How to check programmatically when to use
spark.read.csv(path)
or
spark.read.parquet(path)
Without user say whether the path contain parquet or text file. The path should be on HDFS.
How to check programmatically when to use
spark.read.csv(path)
or
spark.read.parquet(path)
Without user say whether the path contain parquet or text file. The path should be on HDFS.
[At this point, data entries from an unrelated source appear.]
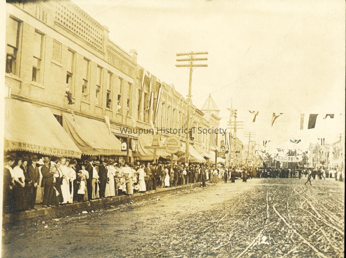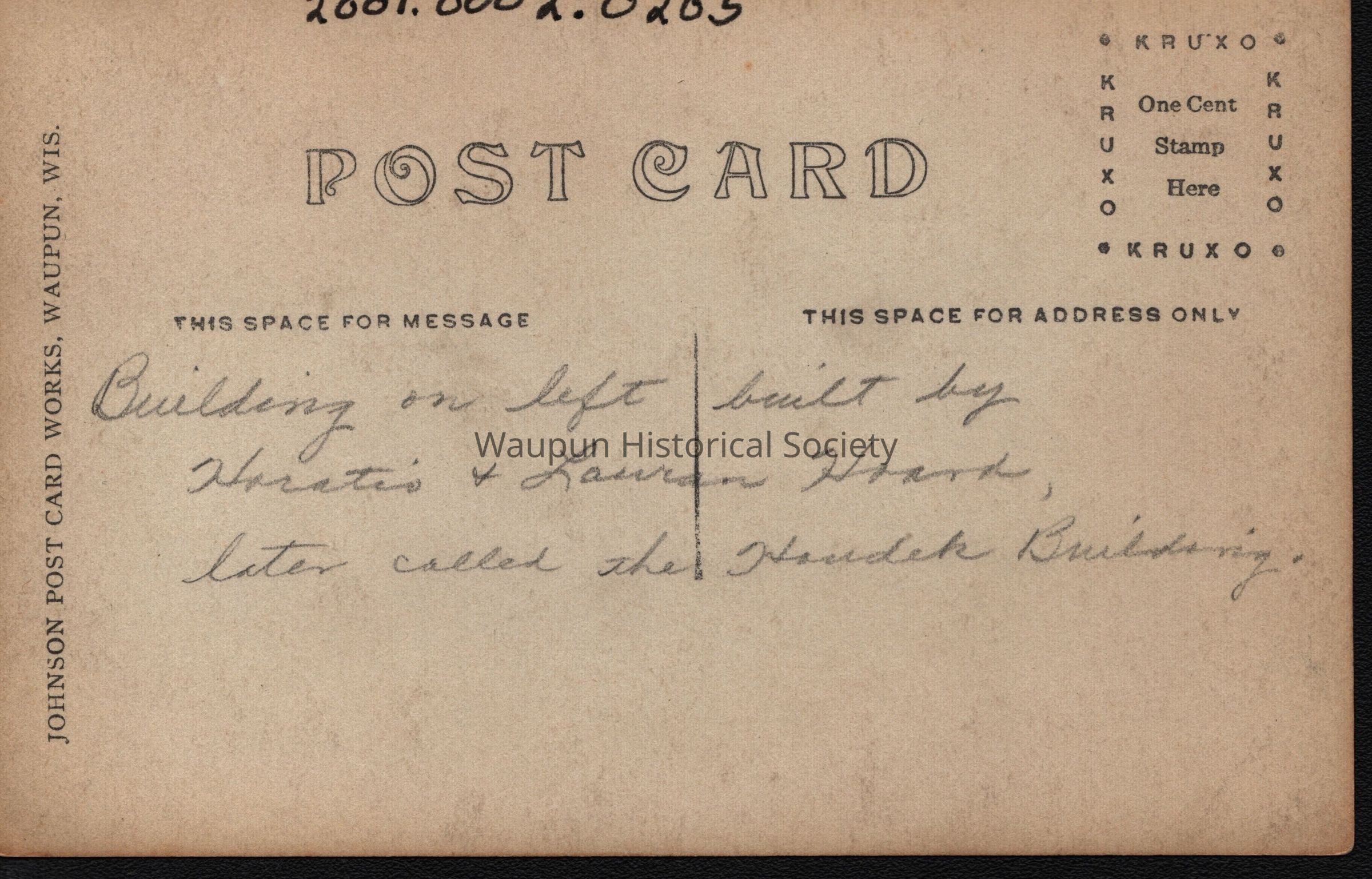 Postcard, Main Street Waupun, Looking East. Back of card indicates "Building on left built by Horatio and Lauran Hoard, later called the Houdek Building."Acquisition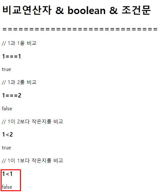 <h1>비교연산자 & boolean & 조건문</h1>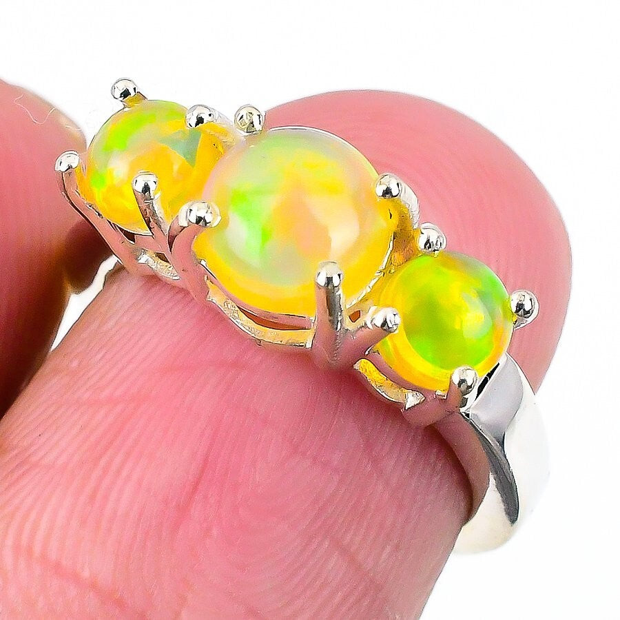 Ethiopian Opal Stone Daughter Cluster Handcrafted Ring Jewelry Size 6 925 Silver
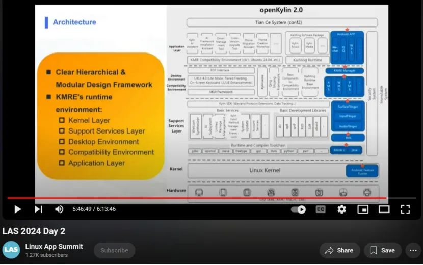 LAS 2024采用线上线下结合的形式,openKylin社区通过线上方式参与,并带来了精彩的演讲,展示了创新的Kylin Mobile Runtime Environment(KMRE)技术方案。

I would have leverage the use of scala Try
and try to import the file types one by one using orElse
function instead of checking their extension programmatically -
def readCsv(): Try[DataFrame] = ???
def readParquet(): Try[DataFrame] = ???
val dfTry: Try[DataFrame] = readCsv().orElse(readParquet())
You can put readParquet()
call first if you have more parquet read requests.
One way could be running hdfs dfs -ls
command and check the output to see if the input dir contains csv
or parquet
files.
As an example
// This two imports are necessary to run shell commands from Scala
import scala.sys.process._
import scala.language.postfixOps
// As a little example of how it could be
def getExtension(s: String): String = {
if(s.contains(".parquet")) "parquet"
else if(s.contains(".csv")) "csv"
else if (s.contains(".txt")) "txt"
else "unknown"
}
val inputDirCsv = "hdfs://quickstart.cloudera:8020/user/cloudera/csv"
val inputDirParquet = "hdfs://quickstart.cloudera:8020/user/cloudera/parquet"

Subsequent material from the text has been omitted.